The Court held that if, as was clear from that provision, those organisations must be able to rely on the same rights as individuals, it would be contrary to the objective of giving the public concerned wide access to justice and at odds with the principle of effectiveness if such organisations were not also allowed to rely on the impairment of rules of EU environment law solely on the ground that those rules protected the public interest.

It followed first that the concept of “impairment of a right” could not depended on conditions which only other physical or legal persons could fulfil, such as the condition of being a more or less close neighbour of an installation or of suffering in one way or another the effects of the installation’s operation.

It followed more generally that the last sentence of the third paragraph of Art. 10a of Directive 85/337 must be read as meaning that the “rights capable of being impaired” which the environmental protection organisations were supposed to enjoy must necessarily include the rules of national law Implementing EU environment law and the rules of EU environment law having direct effect.

The Court that “in order to give the referring court the most useful answer possible, it should be pointed out that a plea raised against a contested decision which alleged infringement of the rules of national law flowing from Art. 6 of the Habitats Directive must be capable of being relied on by an environmental protection organisation.”

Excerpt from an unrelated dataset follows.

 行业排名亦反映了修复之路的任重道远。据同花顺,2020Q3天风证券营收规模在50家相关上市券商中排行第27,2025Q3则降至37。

The Court furthermore held that a non-governmental organisation could derive, from the last sentence of the third paragraph of Art. 10a of Directive 85/337, as amended by Directive 2003/35, the right to rely before the courts, in an action contesting a decision authorising projects “likely to have significant effects on the environment” for the purposes of Art. 1(1) of Directive 85/337, even where, on the ground that the rules relied on protected only the interests of the general public and not the interests of individuals, national procedural law did not permit this.